Но слова герцога пустили корни в его сердце. Дева, укротившая быка… Да, она такая, эта Бранвен Роренброк. Сид досадливо поморщился, вспомнив, что никакая она не Роренброк. Она — Аллемада. Дурацкая фамилия. На редкость дурацкая. От нечего делать, он ковырял ногтем бычий глаз на мозаичной картине и изо всех сил прислушивался к шепоту за спиной.

Шорох одежд и слабый всхлип Бранвен подсказали ему, что милорд перешел в наступление и полез обниматься.

— Вы так нежны и обольстительны, я все время забываю, что вы — моя жена и принадлежите мне по праву. Раньше я считал вас обыкновенной девицей — чопорной, холодной и благовоспитанной до оскомины, но вы — другая. Простите мою откровенность, я знал многих женщин, но ни одна не зажгла моего сердца. И вот появились вы…

— Поосторожней в выражениях, милорд, — застенчиво произнесла Бранвен, тоже переходя на шепот. — А как же Адончия? Она так красива и так любит вашу милость…
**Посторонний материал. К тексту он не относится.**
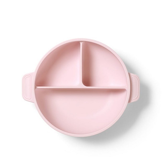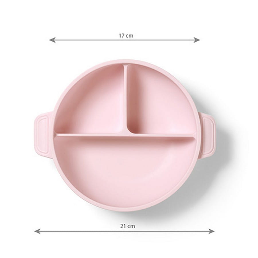 Mocna przyssawka trzyma silikonowy talerz na swoim miejscu, a zaokrąglony kształt ułatwia nabieranie pokarmu. Trzy przegródki pozwalają rozdzielić składniki, by dziecko mogło próbować każdego smakołyku osobno.
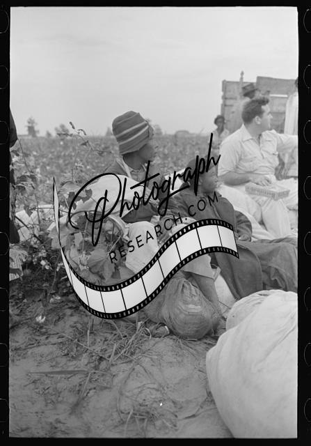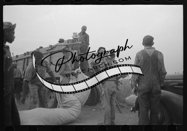 Title: Day laborers, cotton pickers, waiting to be paid off at end of day's work. Lake Dick Project, Arkansas

— Адончия забыта! — герцог нетерпеливо схватил Бранвен за руку, покрывая ее пальцы поцелуями. — Отныне — только вы. Никто, кроме вас.

— Назначь ему свидание сегодня ночью, — сказал Эфриэл резко. — Теперь он твой с потрохами.
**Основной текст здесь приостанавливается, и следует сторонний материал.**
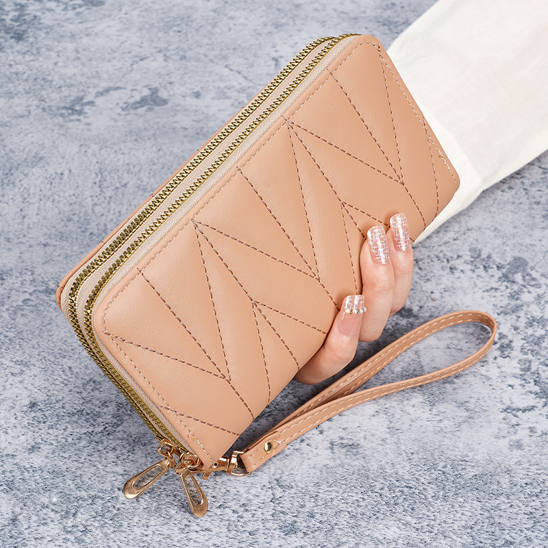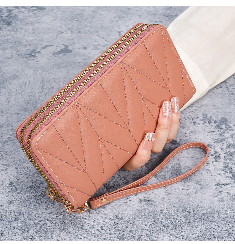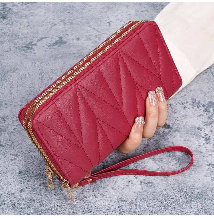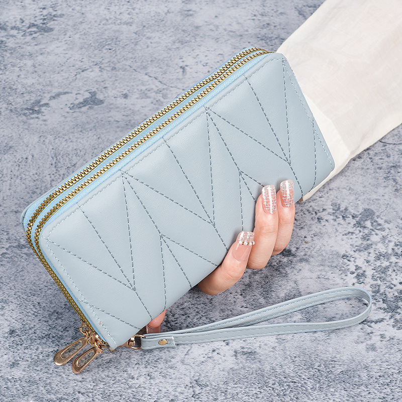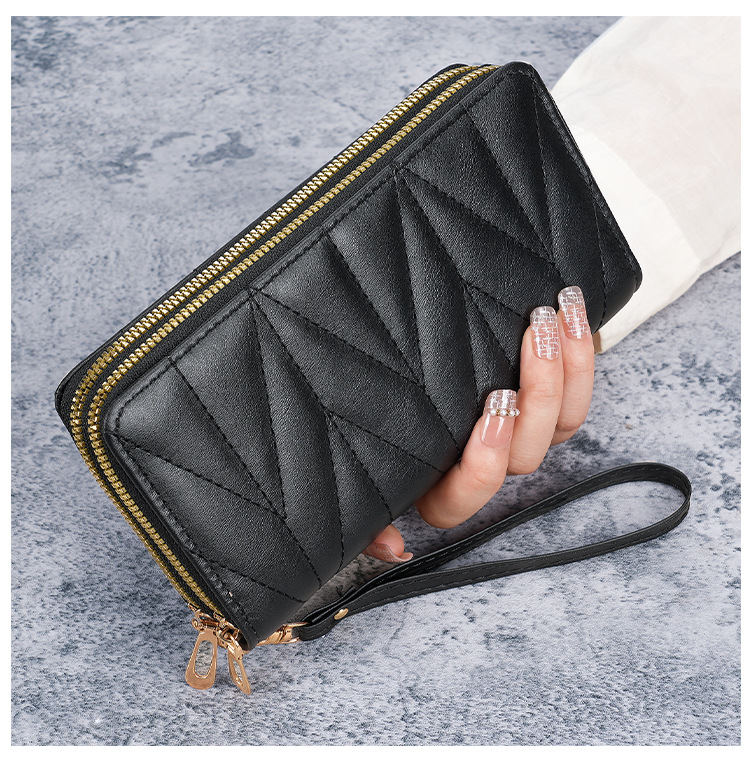 2024新款双拉拉链韩版pu长款零钱包大容量女士多卡拉链手拿手机包

— Я приду к вам сегодня, моя прекрасная жена. Путь до Аллемады и так дался чрезвычайно тяжело. Надеюсь, вы не будете жестоки и не оттолкнете меня.

— Но дорога была вам по душе, милорд, — возразила Бранвен.

— Я был слеп.

— А сейчас прозрели?

— Несомненно.

— Вы заставили меня страдать…

— Я обязательно искуплю свою вину. Назначьте мне любое наказание, но будьте милосердны.

— Скажи, чтобы пришел к тебе ночью — и делу конец, — проворчал Эфриэл. — Хватит изводить почтенного господина. Надоело это слушать.

— Прошу простить меня, но я вынуждена… — Бранвен не успела договорить, потому что в галерею вошла пейнета Кайя — как всегда спокойная и решительная.

— Зачем вы здесь? — вскипел лорд Освальд. — Я же сказал, чтобы гас с герцогиней никто не беспокоил!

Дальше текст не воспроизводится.